Szła tak szybko, jak tylko mogła, kulejąc. Złapała taksówkę tuż za rogiem i podała adres mieszkania. W trakcie jazdy zagryzała wargę, żałując, że na rynek nie wszedł jeszcze zapowiedziany wynalazek, dzięki któremu aparaty telefoniczne miały się mieścić w kieszeni i nie mieć okablowania. Mogłaby się w każdej chwili skontaktować z Hakai i nie odchodziłaby teraz od zmysłów. A co, jeśli ten łajdak faktycznie ją dopadł? Może teraz przetrzymuje ją w jakiejś ciemnej piwnicy? Czego ten szajbus w ogóle od niej oczekiwał? Tysiące myśli przelatywało przez jej głowę, ale nie zatrzymywała się dłużej nad żadną z nich. To wszystko nie było teraz istotne. Liczyło się, żeby znaleźć Hakai, znaleźć i nie pozwolić, by coś jeszcze im się stało.
Tylko gdzie szukać?
Kiedy taksówka zatrzymała się przed budynkiem, w którym mieszkała, poprosiła kierowcę, by zaczekał i z trudem wspięła się na drugie piętro. Chociaż wiedziała, że jej przyjaciółka jest za mądra, by ukrywać się w mieszkaniu i tak od progu zawołała ją głośno po imieniu, jednak tak jak się spodziewała, nikt nie odpowiedział.
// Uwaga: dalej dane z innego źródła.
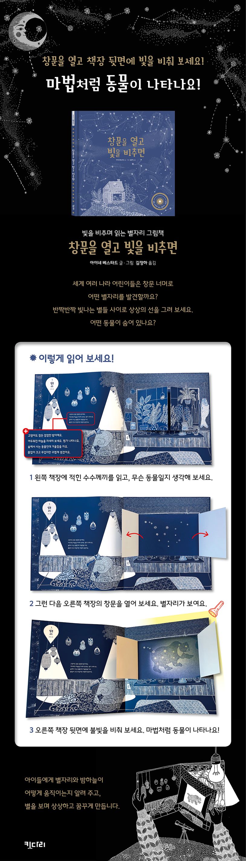 세계 여러 나라 어린이들은 창문 너머로 어떤 별자리를 발견할까요? 반짝반짝 빛나는 별들 사이로 상상의 선을 그려 보세요. 어떤 동물이 숨어 있을까요?

Utykając, udała się do swojego pokoju, otworzyła szafę i wyrzucała na podłogę przeróżne rupiecie, aż znalazła walizkę, do której zaczęła się w pośpiechu pakować. Trafiały do niej przypadkowe ubrania i wszystko, co przyszło jej do głowy, a mogłoby się przydać i chociaż starała się zapakować tylko najbardziej niezbędne rzeczy, szybko zabrakło jej miejsca, zwłaszcza że wrzucała do walizki także rzeczy Hakai, te, które nawinęły jej się pod rękę i uznała, że mogą być jej potrzebne. Właśnie dopakowywała to, co się nie zmieściło, do plecaka, gdy w mieszkaniu rozdzwonił się telefon .
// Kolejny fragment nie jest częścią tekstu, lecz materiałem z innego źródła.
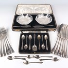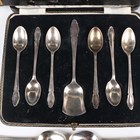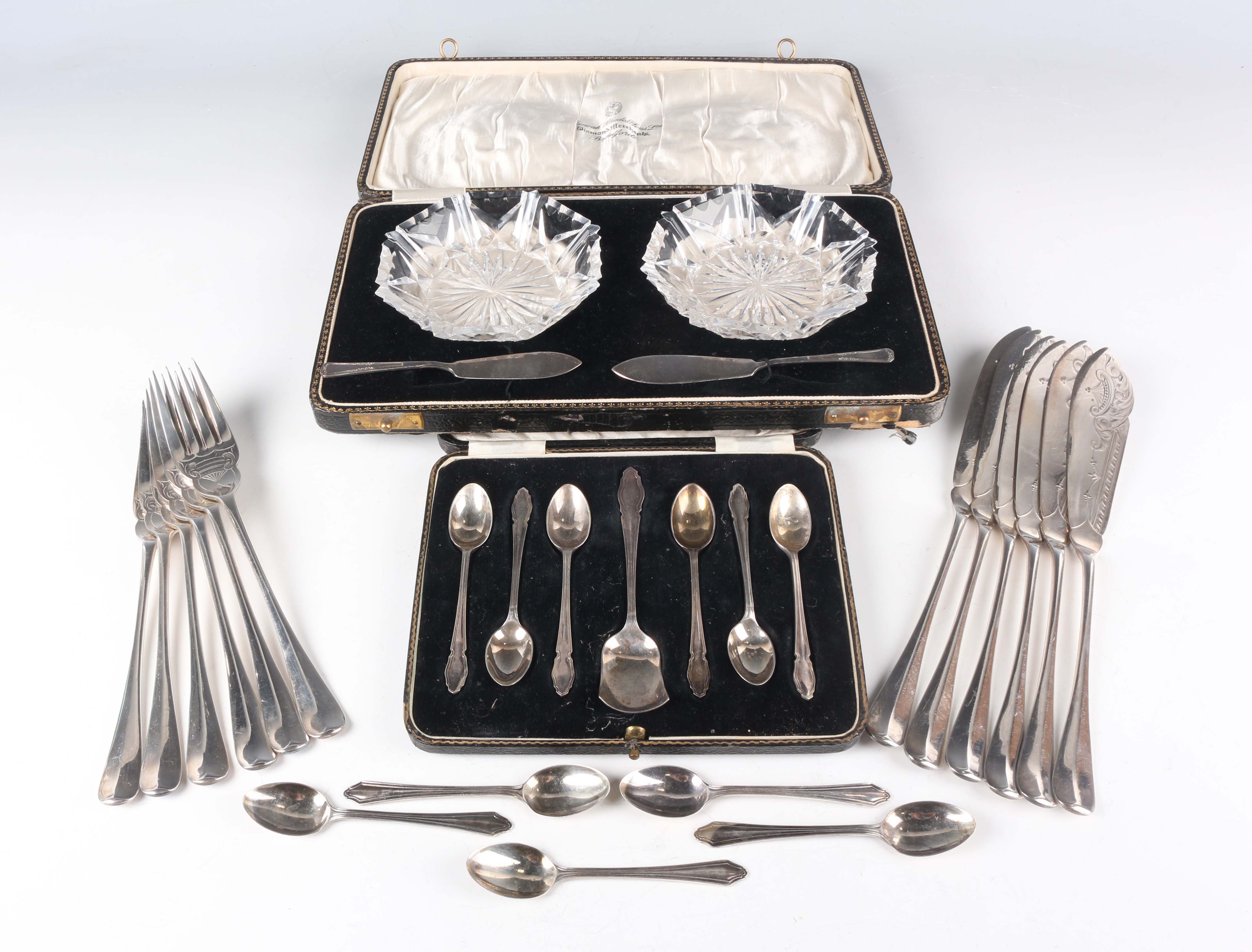 A set of six George VI silver coffee spoons and matching sugar shovel, Sheffield 1939, cased, five silver coffee spoons, Birmingham 1933, and a pair of silver butter knives, Sheffield 1961, total weight 121.5g, together with a pair of octagonal cut glass butter dishes, cased, and a set of six plated fish knives and forks.

Podniosła głowę niczym spłoszone zwierzę, ale na drugi dźwięk sygnału rzuciła się już do telefonu. Szanse były pół na pół. To mógł być ten świr Majima, Wściekły Pies Shimano. Mógł próbować ją namierzyć. Przez ułamek sekundy wpatrywała się w aparat, niepewna, czy to dobra decyzja, odebrać połączenie, ale gdy telefon odezwał się po raz trzeci, podniosła słuchawkę i przycisnęła do ucha, ale milczała.
— Halo? — odezwał się niepewny głos. — Kyo-san, to ty?
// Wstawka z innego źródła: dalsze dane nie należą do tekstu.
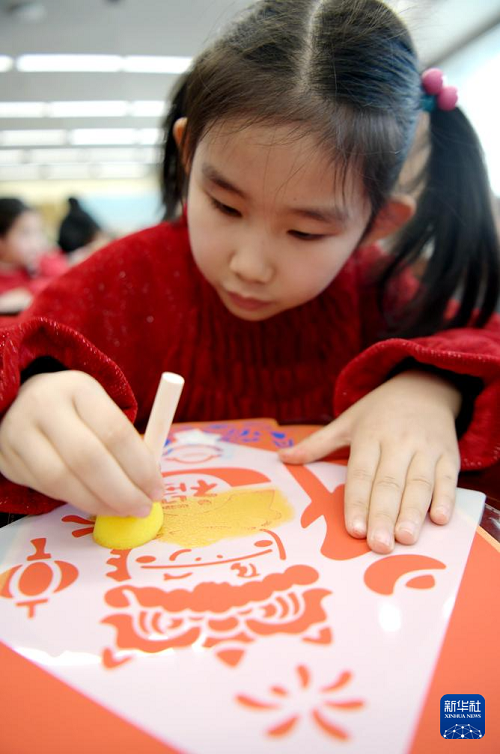 2月11日,在河南省鹤壁市图书馆,一名小朋友制作手工拓印作品。(新华社发 赵永强 摄)

— Hakai, dzięki Bogu! — Hashire odetchnęła z ulgą, opierając się plecami o ścianę, na której wisiał aparat.
— Boże, jesteś cała?! Czy on coś jeszcze ci zrobił?!
— Nie, nic oprócz tego, z czym wyszłam z knajpy… Gdzie jesteś, do cholery?
— No właśnie w Vincencie…
— ZWARIOWAŁAŚ?! Przecież tam ciągle  może się ktoś kręcić!
— Niby tak, ale Kiryu mówi, że pod latarnią najciemniej.
— Że co? — Hashire ściągnęła brwi. — Nieważne. Nigdzie się stamtąd nie ruszaj. Zaraz tam będę.
Rozłączyła się, wróciła po plecak i walizkę, i pokuśtykała na dół, gdzie czekała na nią taksówka.

— Co ty wyprawiasz? — Hakai objęła plecak, który Hashire wcisnęła w jej ręce, patrząc na niego, na nią i kolorową walizkę, którą ciągnęła za sobą.
— Jak to co? — Hashire stała w otwartych drzwiach, ponaglając Hakai niecierpliwymi gestami. — Wyjeżdżamy. Natychmiast.
— Dokąd?!
— Jak najdalej od tego zasranego miasta.
— Ale…
— Dzień dobry, otwarte?
W progu pojawił się klient, stając tuż za plecami Hashire, która odwróciła się do niego, żeby poinformować, że nie.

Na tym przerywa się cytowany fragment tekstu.